Сорок дней, сорок ночей - [39]

Шрифт
Интервал

— Шахтаман, рельсы на дамбе берешь? — спрашивает Дронов.

— Базар ходил…

— К тому говорю, бегаешь по открытому месту. Прихлопнуть могут.

— Я не боюсь… Я аварец.

— Кто у тебя дома остался? — спрашивает у Шах- таманова Конохов.

— Мать старый один. Брат на фронт. Знаешь, какой наш аул? Близко неба живем. Станешь на саклю, смотришь — горы кругом, внизу речка быстрый Кой-Су… Солнца много, орех много, яблок много. Овец на кутанах пасут. Зурна поет… Войну кончим — приезжай в аул Урада́. Бузу наварим, барашка зарежем…
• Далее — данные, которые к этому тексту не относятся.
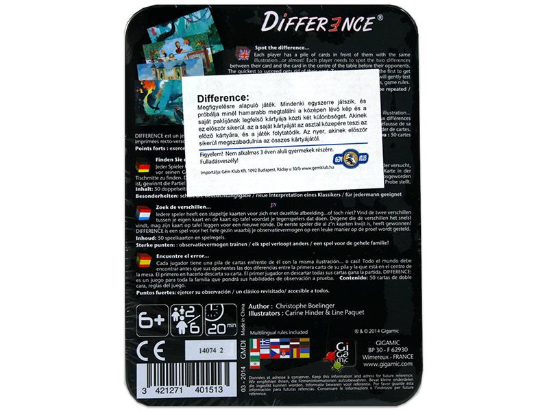 andnbsp; A Difference egy megfigyelésre alapuló játék. Mindenki egyszerre játszik, és próbálja minél hamarabb megtalálni a középen lévő kép és a saját paklijának legfelső kártyája közti két különbséget. Akinek ez először sikerül, az a saját kártyáját az asztal közepére teszi az előző kártyára, és a játék folytatódik. Az nyer, akinek először sikerül megszabadulnia az összes kártyájától.

— Нас много, одного барана не хватит.

— Для кунаков все будет…

Шахтаманов с тачкой направляется к бассейну. Лопаты скрежещут о куски красно-бурой руды. В глубине попадаются донышки, ручки глиняной посуды, смешанные с черным пеплом.

— Вроде, деньга, — говорит Дронов, вытаскивая из пепла плоский темно-зеленый кружочек.

— Ну-ка, дай, — протягивает руку Конохов. Смачивает кружок слюной, протирает рукавом, рассматривает.

— Античная монета, эмблема — виноградная кисть.

Мы тоже глядим.

— Здесь город греческий был — Нимфей, — продолжает Конохов. — Две тысячи лет назад. Сейчас на этом месте семьдесят дворов… А был город. Вольный. Монету свою чеканил. Афины с ним считались.

— А еще что ты о нем знаешь? — интересуется Колька.

— Да многое знаю… Вижу его, как тебя.

Замечаю в Игоре ту же ошалелость, что и на Тамани, когда читал мне Гомера.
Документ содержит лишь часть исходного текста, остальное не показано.